Decision Intelligence

  • New types of approaches — including the social sciences — may need to be introduced into ML models. That’s where decision intelligence comes in. The term — which made it into Gartner’s 2020 hype cycle — refers to an emerging engineering discipline that augments data science with theory from social science, decision theory and managerial science to try and provide a framework for best practices in organizational decision-making and process for applying machine learning at scale. Gartner has developed a Decision Intelligence Model to help business executives identify and accommodate uncertainty factors and evaluate the contributing decision-modeling techniques.

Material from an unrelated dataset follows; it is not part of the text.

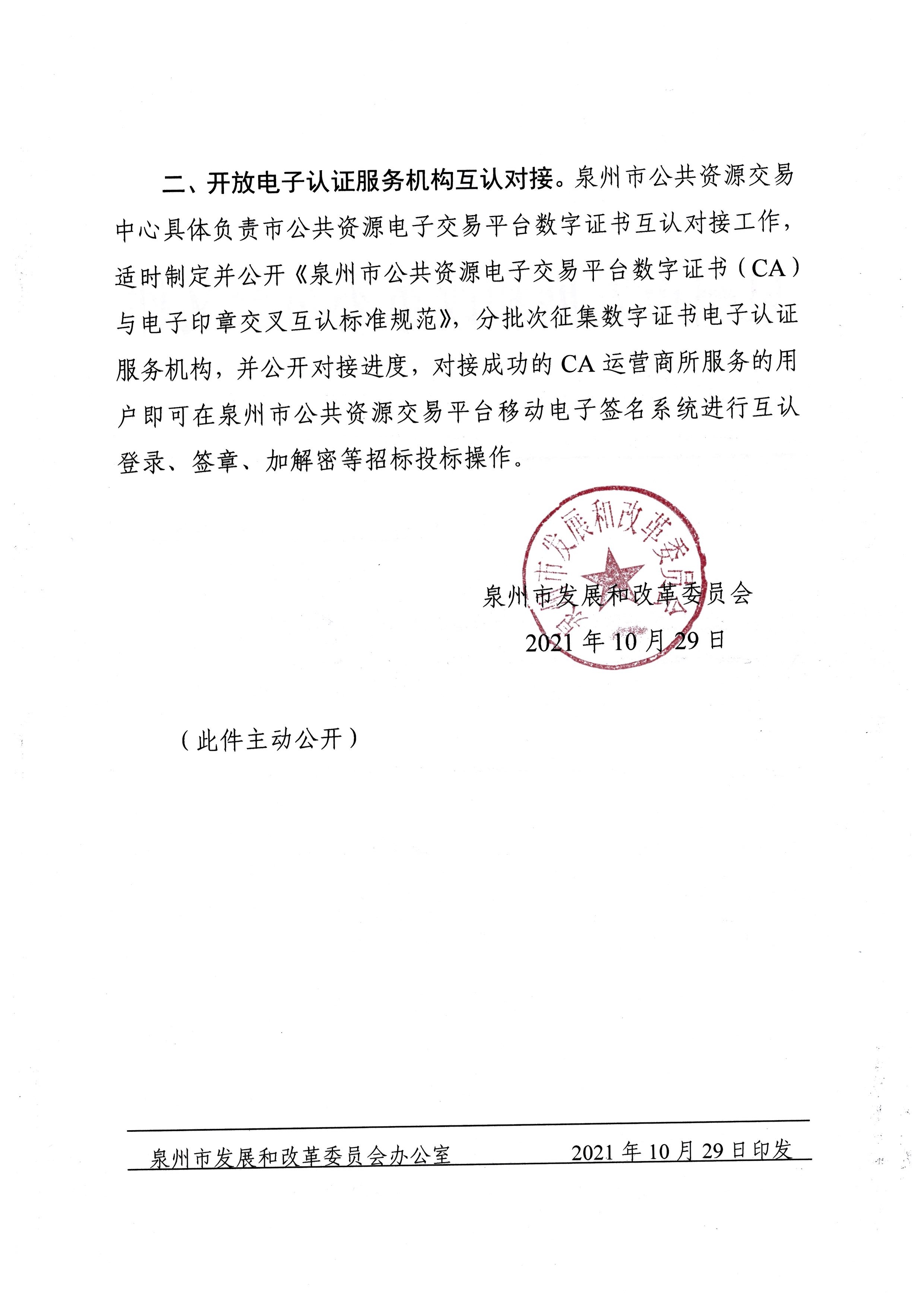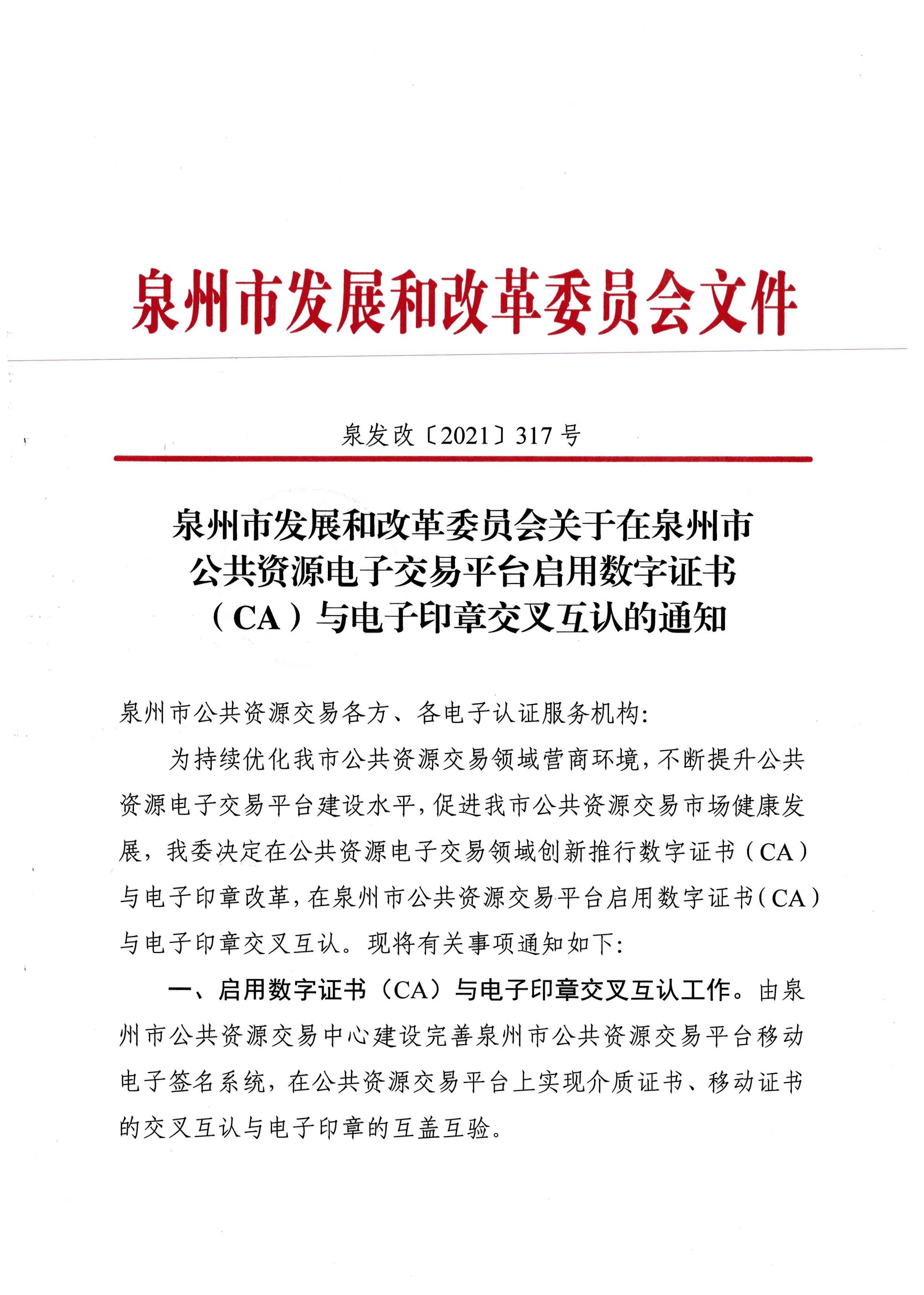 泉州市發(fā)展和改革委員會關(guān)于在泉州市公共資源電子交易平臺啟用數(shù)字證書(CA)與電子印章交叉互認(rèn)的通知

Transformer-based Sequence Models

  • According to Reza Khorshidi Transformer-based neural sequence models, which have shown tremendous advances in natural language processing, have the best opportunity for success. If these models can be tweaked to accommodate the multimodal nature of data, he believes “it will have the ability to go beyond language, beyond health, beyond finance and pretty much cover every real-world data generating process,” he says, helping to transform business as we know it.
  • Example: Electronic health records are sequences of mixed-type data such as diagnoses, medications, measurements, interventions and more that happen in irregular intervals and are routinely collected by health systems.
  • The breakthrough is tied to the ability to build complete electronic health records that include what health systems have been routinely collecting, as well as social, economic, environmental and lifestyle data that have been shown to be important (and predictive) for health outcomes. A sequence model’s ability to learn the key patterns and relationships/dependencies underlying such complex sequences will enable health systems’ ability to anticipate things before they happen, and intervene when needed. “This can enable better, cheaper, faster processes, and ultimately pave the way towards redesigning and re-imagining the system,” Khorshidi says. The same approach could also be applied to other sectors, such as finance and retail
  • Dealing with sequential data that is mixed-type multimodal and happens in irregular intervals gives machines the ability to deal with any sort of data
  • If not just medicine but other industry sectors want to move to a world of high dimensional data in which the data is inputted in a messy way, there are not many solutions out there,” says Khorshidi. “You need to settle on some sort of feature engineering or settle for models that can deal with data as they arrive sequentially. And that’s why I think transformer-based architectures have higher odds of success.”

“Automation is the lowest hanging fruit. We should use AI to reimagine the power of the existing base of employees and strengthen businesses by doing things differently.”